What to produce: Since the records include pictures, leave those out while you reproduce exactly and only the lines from the one containing "HERMES GHW Kelly" through the one containing "Πρωτότυπο προσκλητήριο βάπτισης", inclusive.

Records to process:
☆ ☆ ☆ ☆
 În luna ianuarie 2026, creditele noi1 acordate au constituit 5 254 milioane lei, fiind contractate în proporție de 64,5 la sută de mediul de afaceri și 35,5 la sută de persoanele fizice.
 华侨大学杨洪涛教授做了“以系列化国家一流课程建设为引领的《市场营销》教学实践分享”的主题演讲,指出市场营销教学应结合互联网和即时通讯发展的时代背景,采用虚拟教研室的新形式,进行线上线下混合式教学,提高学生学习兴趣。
☆ ☆ ☆ ☆
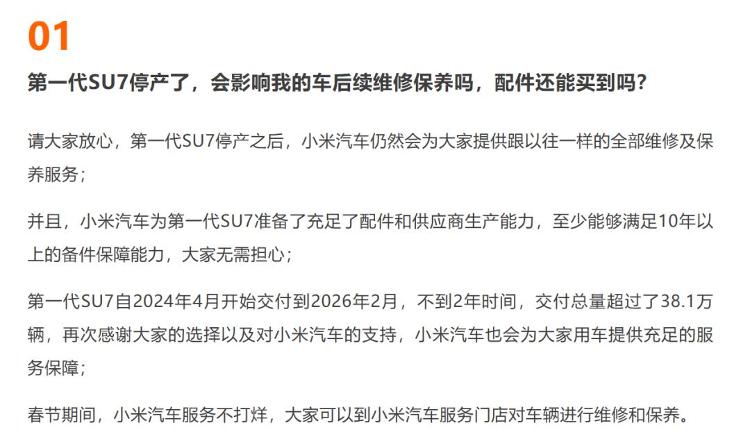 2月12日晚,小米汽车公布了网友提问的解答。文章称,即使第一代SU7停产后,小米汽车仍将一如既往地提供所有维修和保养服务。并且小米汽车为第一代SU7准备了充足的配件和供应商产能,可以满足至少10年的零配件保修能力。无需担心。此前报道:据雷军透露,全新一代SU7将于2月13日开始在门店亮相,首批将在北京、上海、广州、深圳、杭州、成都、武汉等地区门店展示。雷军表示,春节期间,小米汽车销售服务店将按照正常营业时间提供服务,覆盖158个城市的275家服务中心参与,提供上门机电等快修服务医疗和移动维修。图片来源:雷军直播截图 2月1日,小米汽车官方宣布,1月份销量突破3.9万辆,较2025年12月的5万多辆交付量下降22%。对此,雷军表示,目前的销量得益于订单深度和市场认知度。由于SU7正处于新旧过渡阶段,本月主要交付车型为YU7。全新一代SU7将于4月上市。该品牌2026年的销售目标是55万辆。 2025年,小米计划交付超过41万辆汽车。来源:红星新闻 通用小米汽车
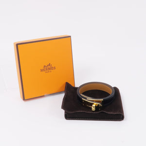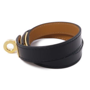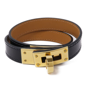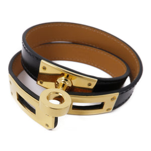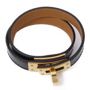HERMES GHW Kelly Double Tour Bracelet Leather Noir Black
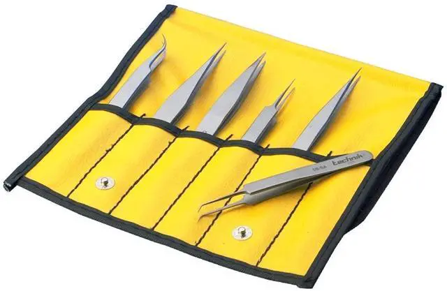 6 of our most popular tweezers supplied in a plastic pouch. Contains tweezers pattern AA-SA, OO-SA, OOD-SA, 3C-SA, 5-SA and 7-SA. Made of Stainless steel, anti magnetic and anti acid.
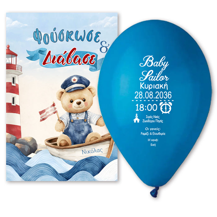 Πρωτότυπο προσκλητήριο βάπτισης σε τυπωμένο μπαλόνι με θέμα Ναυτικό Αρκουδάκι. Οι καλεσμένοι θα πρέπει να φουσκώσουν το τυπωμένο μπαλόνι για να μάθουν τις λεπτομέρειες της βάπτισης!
☆ ☆ ☆ ☆
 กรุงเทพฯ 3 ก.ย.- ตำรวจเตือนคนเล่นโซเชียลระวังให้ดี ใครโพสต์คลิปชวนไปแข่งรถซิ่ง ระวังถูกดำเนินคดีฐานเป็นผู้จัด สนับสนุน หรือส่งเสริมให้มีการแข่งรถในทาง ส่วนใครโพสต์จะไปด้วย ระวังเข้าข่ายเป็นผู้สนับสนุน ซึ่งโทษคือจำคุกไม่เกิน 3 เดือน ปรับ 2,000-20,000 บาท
☆ ☆ ☆ ☆
Task answer:
HERMES GHW Kelly Double Tour Bracelet Leather Noir Black
 6 of our most popular tweezers supplied in a plastic pouch. Contains tweezers pattern AA-SA, OO-SA, OOD-SA, 3C-SA, 5-SA and 7-SA. Made of Stainless steel, anti magnetic and anti acid.
 Πρωτότυπο προσκλητήριο βάπτισης σε τυπωμένο μπαλόνι με θέμα Ναυτικό Αρκουδάκι. Οι καλεσμένοι θα πρέπει να φουσκώσουν το τυπωμένο μπαλόνι για να μάθουν τις λεπτομέρειες της βάπτισης!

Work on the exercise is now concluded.